When you retype the data, keep every word exactly and include none of the pictures.

** EXTRACTED RECORDS follows **

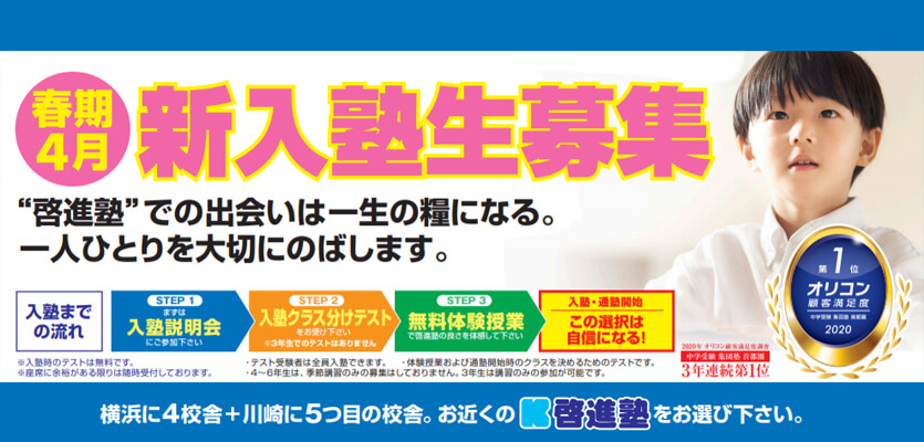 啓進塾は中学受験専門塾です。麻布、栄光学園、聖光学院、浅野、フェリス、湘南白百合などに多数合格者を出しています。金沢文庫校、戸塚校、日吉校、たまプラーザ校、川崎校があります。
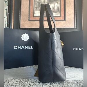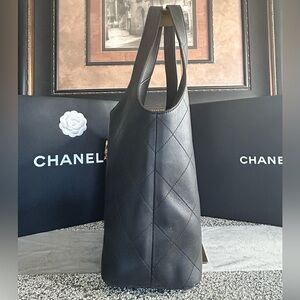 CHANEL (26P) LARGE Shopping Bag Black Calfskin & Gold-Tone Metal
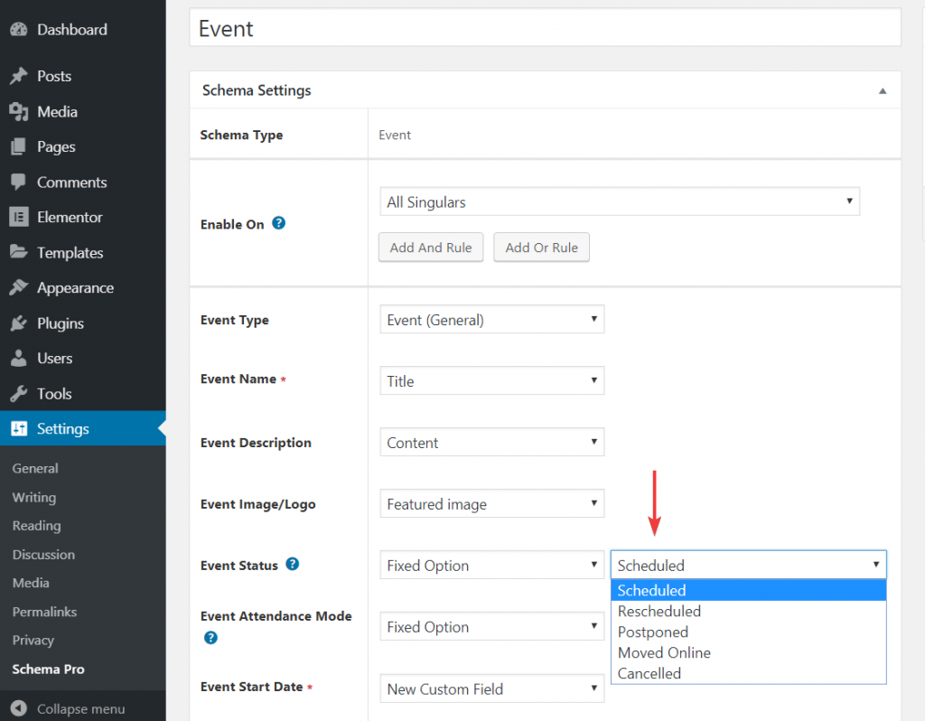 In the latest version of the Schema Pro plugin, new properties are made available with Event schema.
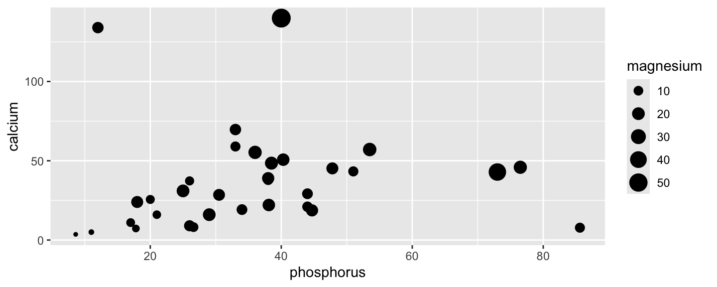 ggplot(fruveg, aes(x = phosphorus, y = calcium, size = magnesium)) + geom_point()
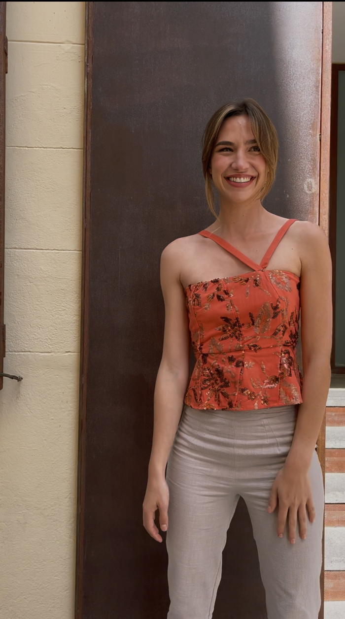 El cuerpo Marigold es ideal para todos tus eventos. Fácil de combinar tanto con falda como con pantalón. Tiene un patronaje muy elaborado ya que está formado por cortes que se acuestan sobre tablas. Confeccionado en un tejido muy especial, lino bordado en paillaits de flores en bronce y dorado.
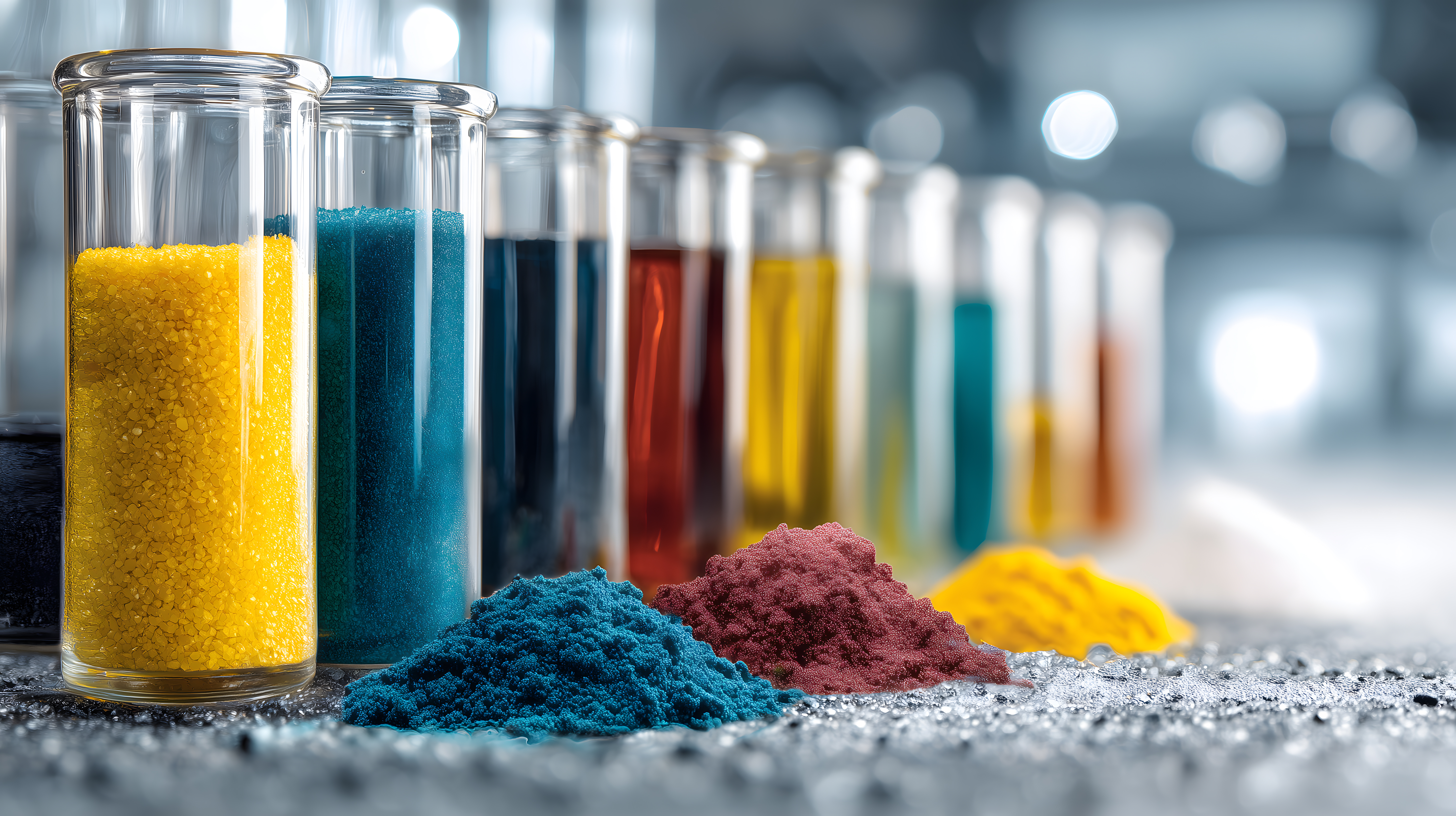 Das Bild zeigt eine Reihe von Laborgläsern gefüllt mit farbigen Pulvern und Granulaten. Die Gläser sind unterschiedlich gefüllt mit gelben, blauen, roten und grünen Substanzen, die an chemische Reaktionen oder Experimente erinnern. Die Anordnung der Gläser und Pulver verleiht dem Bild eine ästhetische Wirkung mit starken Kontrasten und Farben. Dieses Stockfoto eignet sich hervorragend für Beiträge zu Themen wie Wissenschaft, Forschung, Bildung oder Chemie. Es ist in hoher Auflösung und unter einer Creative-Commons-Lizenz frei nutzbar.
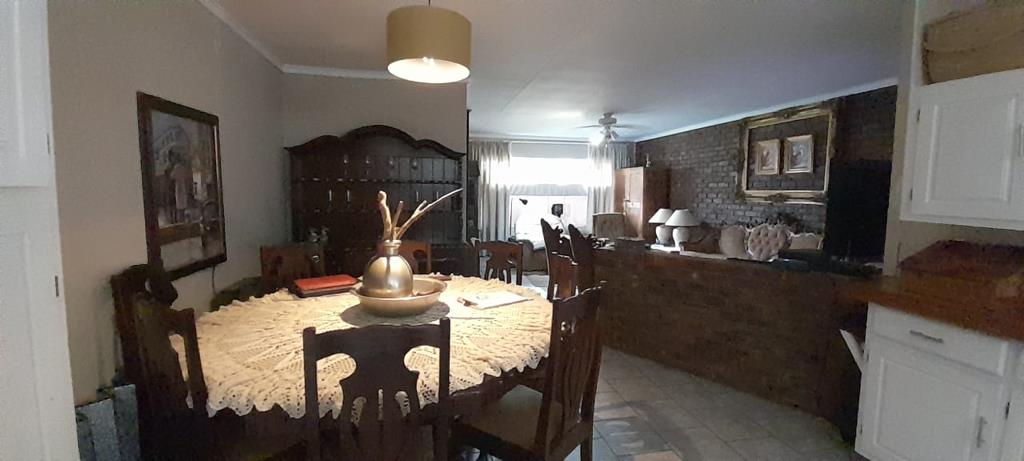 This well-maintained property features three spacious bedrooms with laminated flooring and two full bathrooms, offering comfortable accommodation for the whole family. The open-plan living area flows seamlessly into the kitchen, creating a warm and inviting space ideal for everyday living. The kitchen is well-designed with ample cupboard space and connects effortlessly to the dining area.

** End of EXTRACTED RECORDS **

(RESULT OF THE EXERCISE):
 啓進塾は中学受験専門塾です。麻布、栄光学園、聖光学院、浅野、フェリス、湘南白百合などに多数合格者を出しています。金沢文庫校、戸塚校、日吉校、たまプラーザ校、川崎校があります。
 CHANEL (26P) LARGE Shopping Bag Black Calfskin & Gold-Tone Metal
 In the latest version of the Schema Pro plugin, new properties are made available with Event schema.
 ggplot(fruveg, aes(x = phosphorus, y = calcium, size = magnesium)) + geom_point()
 El cuerpo Marigold es ideal para todos tus eventos. Fácil de combinar tanto con falda como con pantalón. Tiene un patronaje muy elaborado ya que está formado por cortes que se acuestan sobre tablas. Confeccionado en un tejido muy especial, lino bordado en paillaits de flores en bronce y dorado.
 Das Bild zeigt eine Reihe von Laborgläsern gefüllt mit farbigen Pulvern und Granulaten. Die Gläser sind unterschiedlich gefüllt mit gelben, blauen, roten und grünen Substanzen, die an chemische Reaktionen oder Experimente erinnern. Die Anordnung der Gläser und Pulver verleiht dem Bild eine ästhetische Wirkung mit starken Kontrasten und Farben. Dieses Stockfoto eignet sich hervorragend für Beiträge zu Themen wie Wissenschaft, Forschung, Bildung oder Chemie. Es ist in hoher Auflösung und unter einer Creative-Commons-Lizenz frei nutzbar.
 This well-maintained property features three spacious bedrooms with laminated flooring and two full bathrooms, offering comfortable accommodation for the whole family. The open-plan living area flows seamlessly into the kitchen, creating a warm and inviting space ideal for everyday living. The kitchen is well-designed with ample cupboard space and connects effortlessly to the dining area.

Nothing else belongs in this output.